We would like to create a new data frame by reading CSV data from each company in a for statement and extracting only the necessary columns.
After loading the file, how can I extract sales of A and B as shown in the attached image and create a new data frame?(In rare cases, sales data may be missing.)
Thank you very much for letting me know.
# file specification
outfolder='...r/'
# I want to load data in loop (Ids (10 and 20) are kept in a data frame called data).

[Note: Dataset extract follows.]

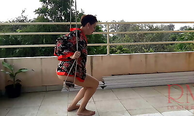 Cute housewife has joy without undies on the swing Slut swings and shows her perfect pussy 1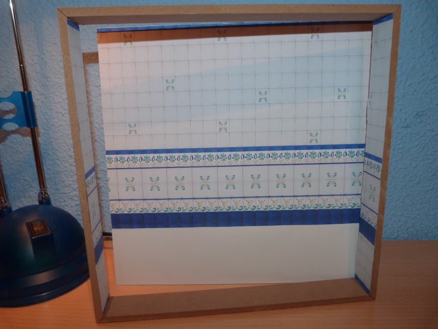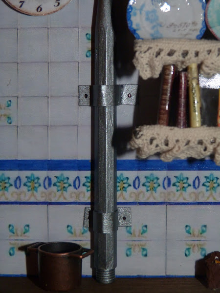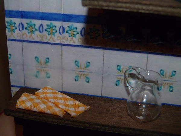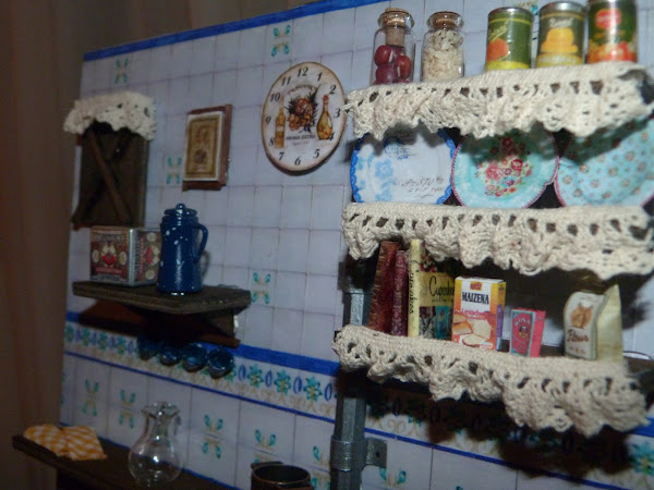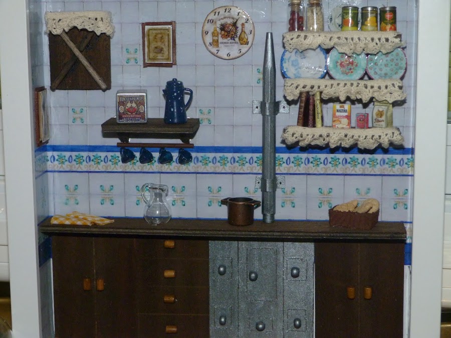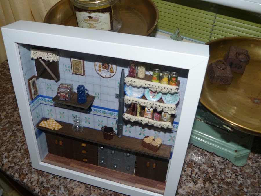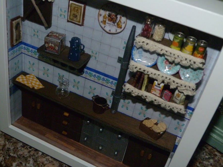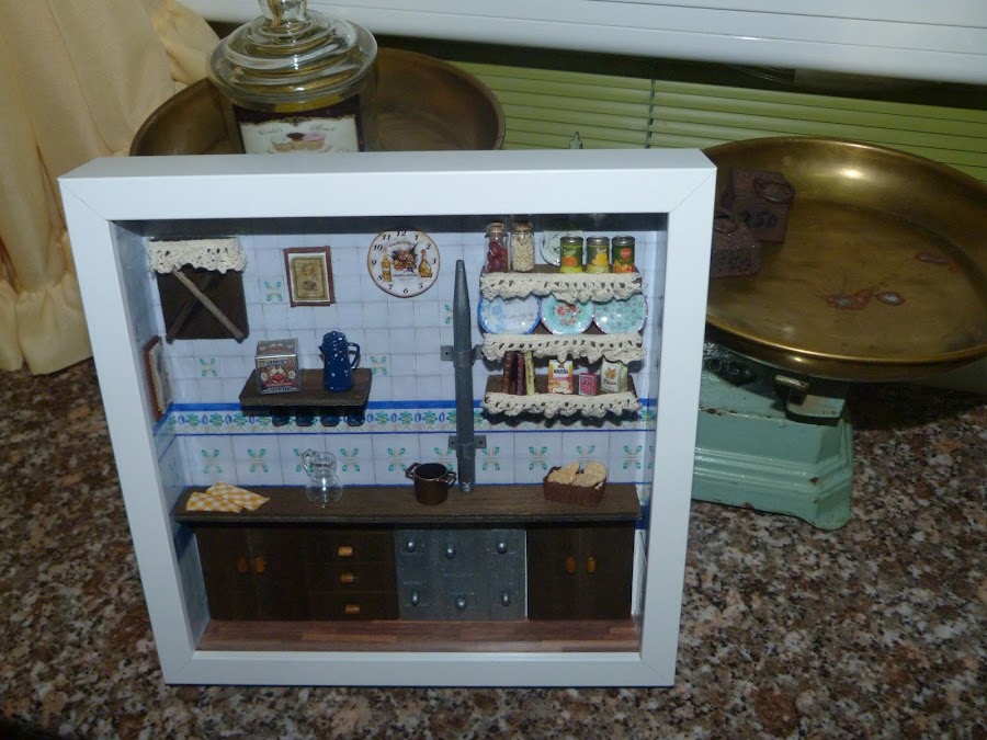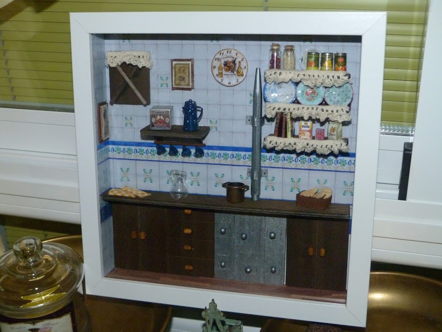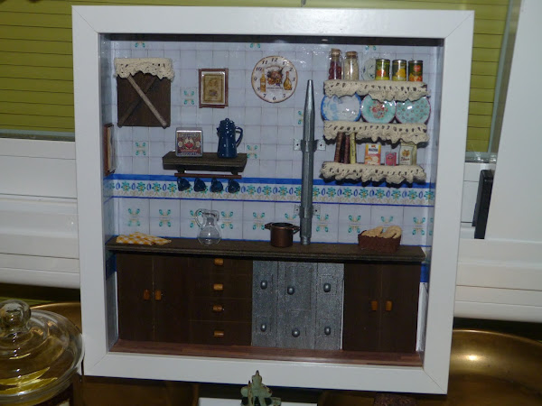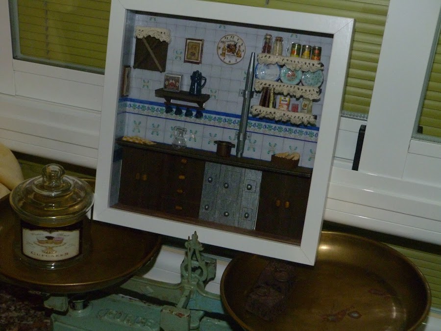 De vez en cuando hago cuadros de estancias en miniatura: cocina, baño, cuarto de costura, etc. La verdad es que no los hago a menudo porque dan mucho trabajo y hay que dedicarles mucho tiempo y tranquilidad. Y como no me sobra ni lo uno ni lo otro, es algo que hago únicamente en ocasiones "especiales". La última vez le había hecho uno a mi madre para la cocina, y a mi cuñada le gustó tanto, que cada vez que va a casa de mis padres, se pasa un ratito mirando el cuadro, fijándose en todos los detallitos.

for index, id in enumerate (data['ID'].unique()):
# Read in folder + filename (list10_0.5h, list20_0.5h)
df=(pd.read_csv(outfolder+str('list')+str(id)+'_0.5h.csv', usecols=[3])
Company A's sales data
Company B sales data
I want to extract sales data from A and B and create a new data frame
python csv
"If ""rarely there is a loss in sales data"" means, for example, one line of 2017/02 may be missing, you can first create DataFrame
for the month and merge them one by one."
# file specification
outfolder='...r/'
df_base=DataFrame({
Moon: ['2017/01', '2017/02', '2017/03', '2017/04', '2017/05', '2017/06', '2017/07', '2017/08', '2017/09', '2017/10']
})
# I want to load data in loop (Ids (10 and 20) are kept in a data frame called data).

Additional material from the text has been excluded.